TASK DESCRIPTION:
In the entries that follow, the lines from the line containing "HIGH SPEED HEAVY" up to and including the line containing "signed, titled and" must be copied exactly, with pictures omitted.

======== PROVIDED RECORDS ========

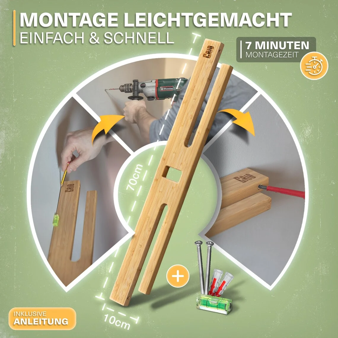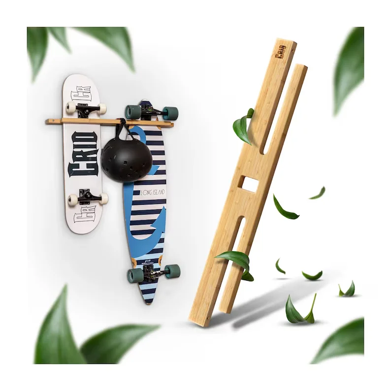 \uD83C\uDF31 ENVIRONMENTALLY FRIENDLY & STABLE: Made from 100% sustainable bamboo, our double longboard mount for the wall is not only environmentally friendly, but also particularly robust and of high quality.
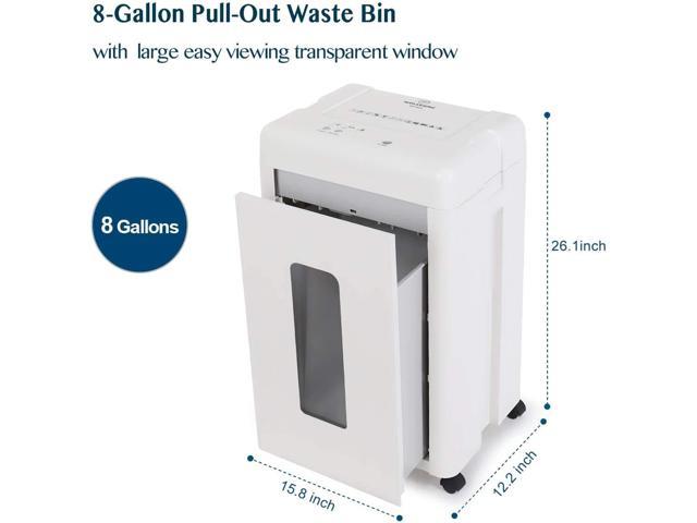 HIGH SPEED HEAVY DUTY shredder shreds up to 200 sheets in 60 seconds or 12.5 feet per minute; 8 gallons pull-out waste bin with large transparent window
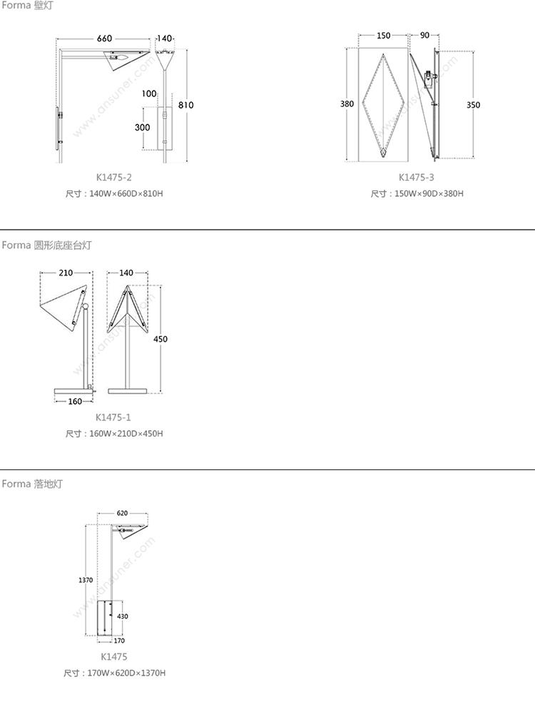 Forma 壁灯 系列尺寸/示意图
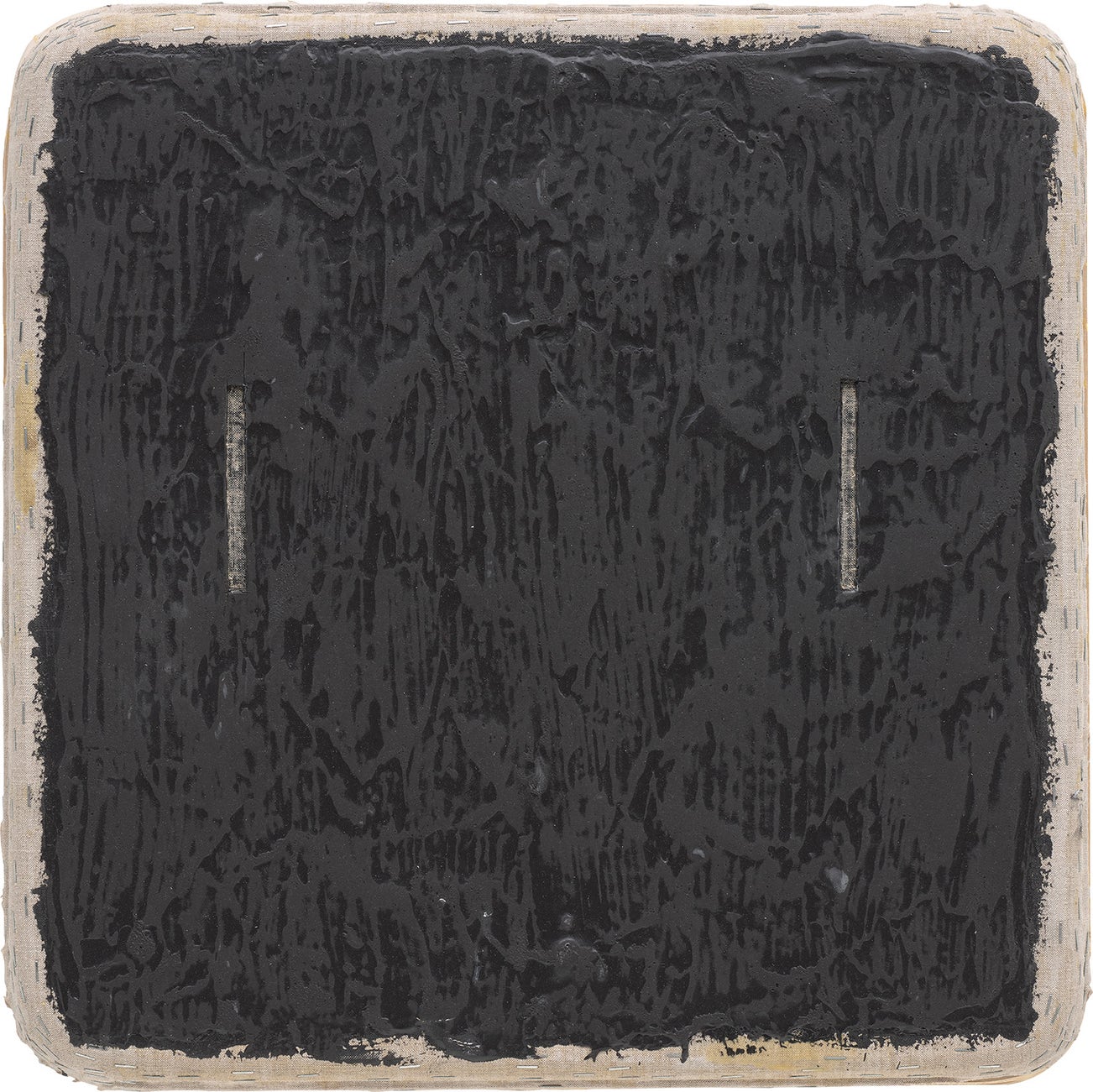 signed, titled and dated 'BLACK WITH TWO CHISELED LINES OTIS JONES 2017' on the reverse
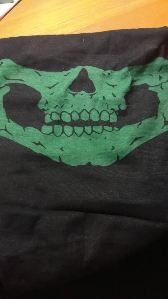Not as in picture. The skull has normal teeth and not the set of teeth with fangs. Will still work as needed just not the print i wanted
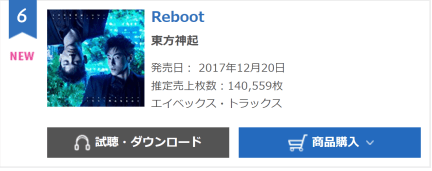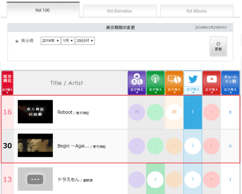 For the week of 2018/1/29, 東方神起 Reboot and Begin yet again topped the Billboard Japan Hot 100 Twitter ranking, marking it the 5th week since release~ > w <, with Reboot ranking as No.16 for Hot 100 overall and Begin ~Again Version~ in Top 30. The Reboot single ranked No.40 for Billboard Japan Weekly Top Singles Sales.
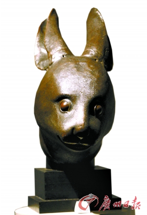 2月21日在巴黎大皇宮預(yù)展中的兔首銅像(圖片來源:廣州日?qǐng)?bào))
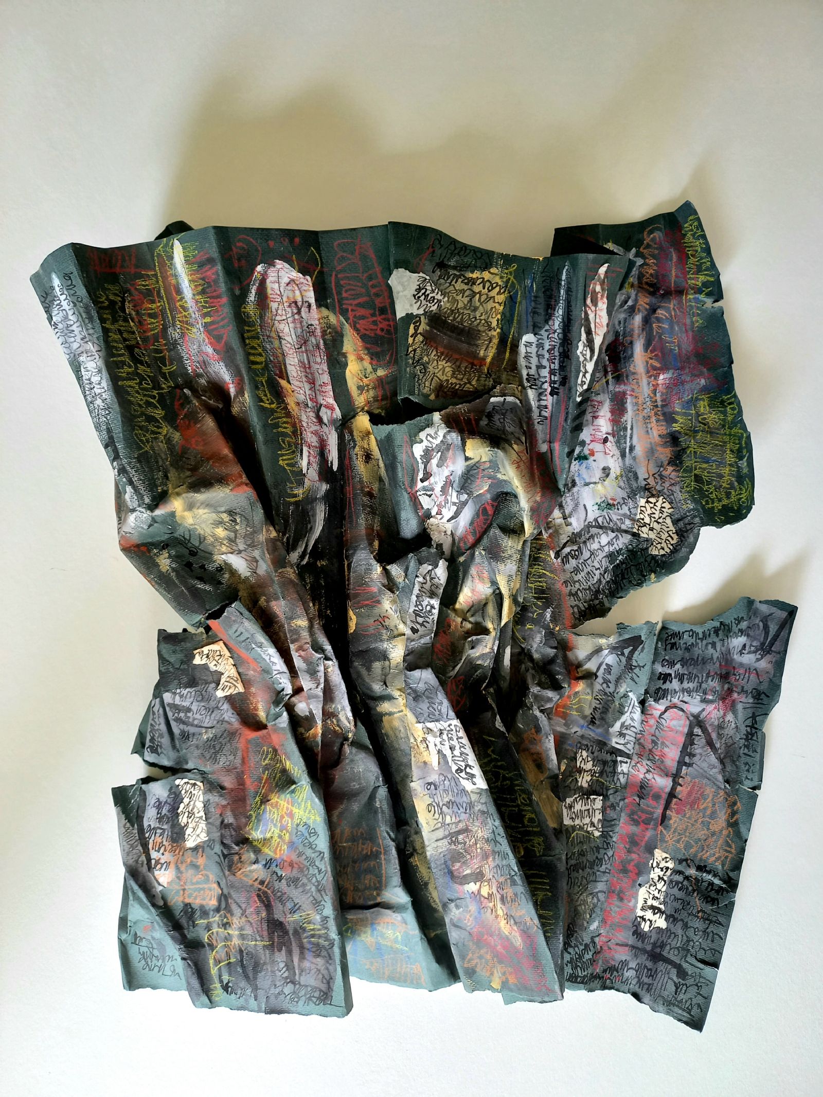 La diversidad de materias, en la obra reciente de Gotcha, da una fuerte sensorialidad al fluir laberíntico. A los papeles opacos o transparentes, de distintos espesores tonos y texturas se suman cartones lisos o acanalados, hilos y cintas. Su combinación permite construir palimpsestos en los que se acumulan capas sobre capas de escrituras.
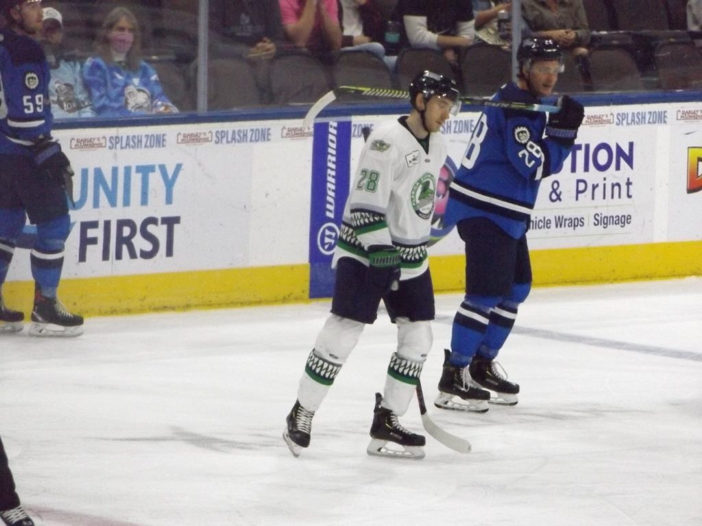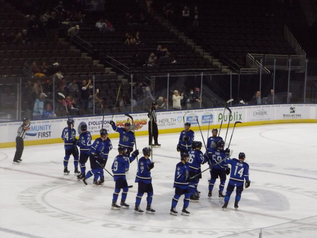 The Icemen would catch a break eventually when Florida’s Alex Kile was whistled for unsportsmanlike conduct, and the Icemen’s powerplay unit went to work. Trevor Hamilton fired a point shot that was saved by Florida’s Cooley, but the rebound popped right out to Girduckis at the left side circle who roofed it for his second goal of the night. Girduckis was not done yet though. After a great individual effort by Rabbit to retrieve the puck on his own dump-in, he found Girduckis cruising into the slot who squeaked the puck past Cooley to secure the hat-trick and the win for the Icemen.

========

ANSWER TO THE EXERCISE:
 HIGH SPEED HEAVY DUTY shredder shreds up to 200 sheets in 60 seconds or 12.5 feet per minute; 8 gallons pull-out waste bin with large transparent window
 Forma 壁灯 系列尺寸/示意图
 signed, titled and dated 'BLACK WITH TWO CHISELED LINES OTIS JONES 2017' on the reverse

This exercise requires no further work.